As a follow up to our post here, the Minnesota Court of Appeals issued a decision on August 23 affirming the MPUC’s decisions related to the Nemadji Trail Energy Center natural gas plant (NTEC) that will be constructed in Superior, Wisconsin.  Applying a deferential standard of review, the Court analyzed the appeal (on remand from the Minnesota Supreme Court) and evidence under the MPUC’s novel standard for addressing affiliated interest agreements related to power plant construction outside of Minnesota.

Specifically, the Court analyzed whether the record before the MPUC demonstrates both (i) a need for NTEC and (ii) that a fossil fueled generating resource is more appropriate on Minnesota Power’s system than a renewable generating resource.

The Court determined that, viewed in its entirety, there was substantial record evidence supporting Minnesota Power’s need for NTEC, including testimony and extensive modeling from Minnesota Power and the Minnesota Department of Commerce – Division of Energy Resources (DOC-DER).  The Court found that the record as a whole “reveals ample evidence” that NTEC is a reasonable choice to meet forecasted demand, is cost effective (even when considering environmental costs under Minn. Stat. § 216B.2422 subd. 3), and is better than various renewable sources that could expose Minnesota Power’s ratepayers to market price fluctuations.

Leveraging its findings on market price risk, the Court went on to find that the renewable preference in Minn. Stat. § 216B.2422 subd. 4 was overcome by testimony from Minnesota Power and the DOC-DER “showing that the transition away from coal and toward intermittent renewable resources impairs reliability and could increase reliance on energy markets, thereby increasing costs.”  In so doing, the Court summarized the MPUC’s application of the public interest standard in Minn. Stat. 216B.2422 subd. 4 on the basis of cost—finding “a wind or solar alternative is not in the public interest because the comprehensive costs for such resources are higher than those associated with NTEC.”
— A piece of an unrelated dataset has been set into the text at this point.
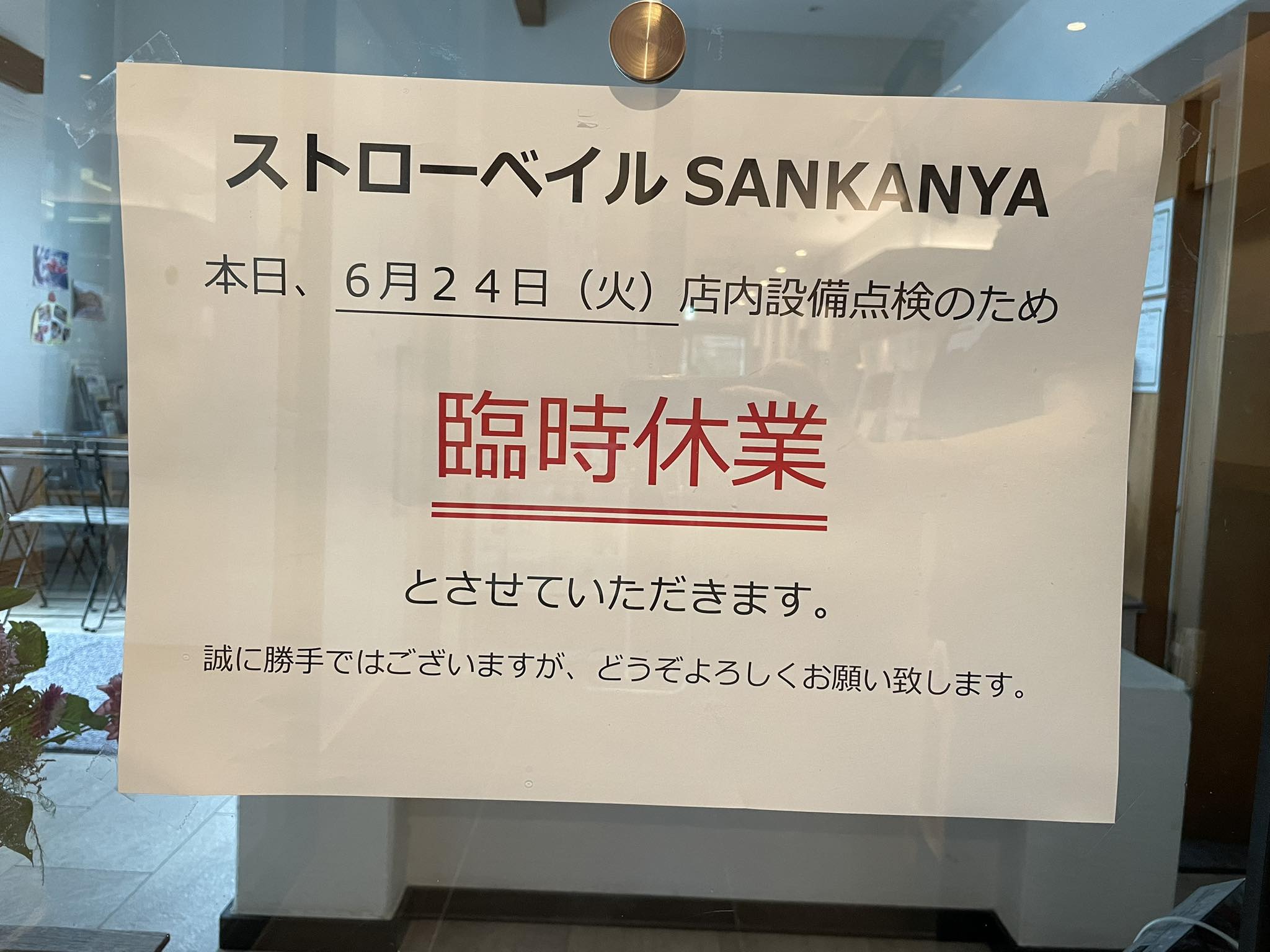 日々のこと 2025.06.24 【6/24(火)ストローベイル臨時休業のお知らせ】 本日6/24(火)、ストローベイルSANKANYAは、店内設備点検のため、臨時休業いたします。 どうぞよろしくお願いいたします。 一覧に戻る 最近の記事 2026.04.18 【4/25(土)~11/30(月)『帰ってきた!カレー街道!奥伊予・四万十街道グルメデジタルスタンプラリー』開催!】 2026.04.02 よりすぎタイムス4月号ができました! 2026.03.31 2026/4/5(日)【道の駅よって西土佐】『10周年だよ!よっておきゃく!』臨時駐車場のご案内 2026.03.17 2026/4/5(日)【10周年だよ!よっておきゃく!】開催!

More to certainly come on this front in Minnesota, as the state wrestles with the best timing for meeting the 80% reduction by 2050 goal set forth in Minn. Stat. § 216H.02 and other energy policy provisions applicable to the MPUC and rate setting processes.

 

California Public Utilities Commission Ruling Seeks Comments on Preferred System Plan for 2022-2032

In docket R.20-05-003, its Integrated Resource Planning (IRP) proceeding, the California Public Utilities Commission is considering its preferred portfolio of new resources for the next ten years.  A lengthy administrative law judge ruling issued August 17, 2021 set out a suggested Preferred System Plan (PSP) for the proceeding, including a suggested resource portfolio through 2032, based on a greenhouse gas goal of 38 million metric tons.  As part of the Commission’s IRP process, all load-serving entities (LSEs) subject to the Commission’s jurisdiction (investor-owned utilities, community choice aggregators, and energy service providers) submit individual resource plans setting out the resources those LSEs plan to rely upon and procure over a ten-year planning horizon.  The LSEs submitted individual integrated resource plans in September 2020, for a planning horizon through 2030.

Once those plans were submitted, the Commission aggregated all of those plans and evaluated whether the aggregated plans meet the Commission’s reliability and greenhouse gas requirements.   Commission staff also worked with the California Energy Commission to include resources under existing contracts with publicly-owned utilities serving load within the California ISO, which are not under Commission jurisdiction.

Commission staff then made two additional adjustments to the aggregated portfolio.  First, staff added in the resource procurement ordered by the Commission in its June 2021 mid-term reliability decision (D.21-06-035), consisting of 11,500 MWs of net qualifying capacity.  Then, because the PSP will be transmitted to the California ISO to be used for the reliability and policy-driven base case scenario for the 2022-2023 transmission planning process, and that process also covers a ten-year planning horizon (through 2032), staff used the RESOLVE model to select additional resources for the 2031-2032 period.  This was necessary as LSE plans were only required to cover the period through 2030.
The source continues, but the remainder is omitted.